Nothing should appear in the answer except the lines from the one with "De omhyggeligt udformede" through the end of the listing below, transcribed exactly and without pictures.

Stored data:
··········
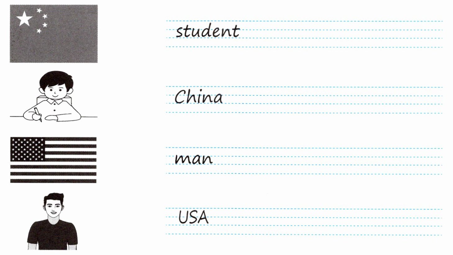 一、将图片与对应单词连线,并在四线三格中抄写单词。
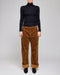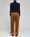 De omhyggeligt udformede læg foran tilfører bukserne et særligt præg, mens det ekstra ombuk i længden giver mulighed for individuel tilpasning. Den cognacfarvede fløjl understreger den moderne silhuet og skaber et sofistikeret udtryk.
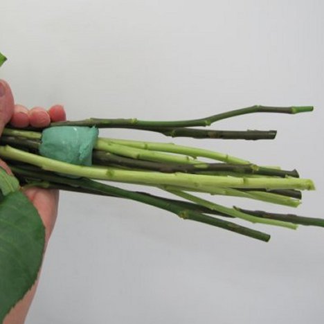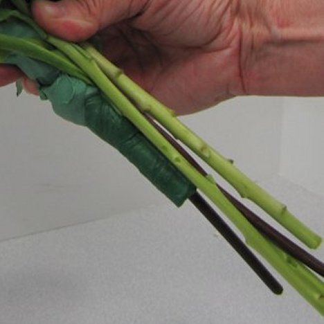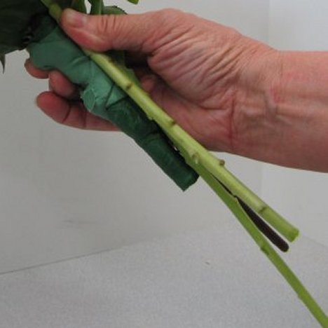 I trim the stems down shorter and even after the stems are taped securely in place.
··········
Your solution:
 De omhyggeligt udformede læg foran tilfører bukserne et særligt præg, mens det ekstra ombuk i længden giver mulighed for individuel tilpasning. Den cognacfarvede fløjl understreger den moderne silhuet og skaber et sofistikeret udtryk.
 I trim the stems down shorter and even after the stems are taped securely in place.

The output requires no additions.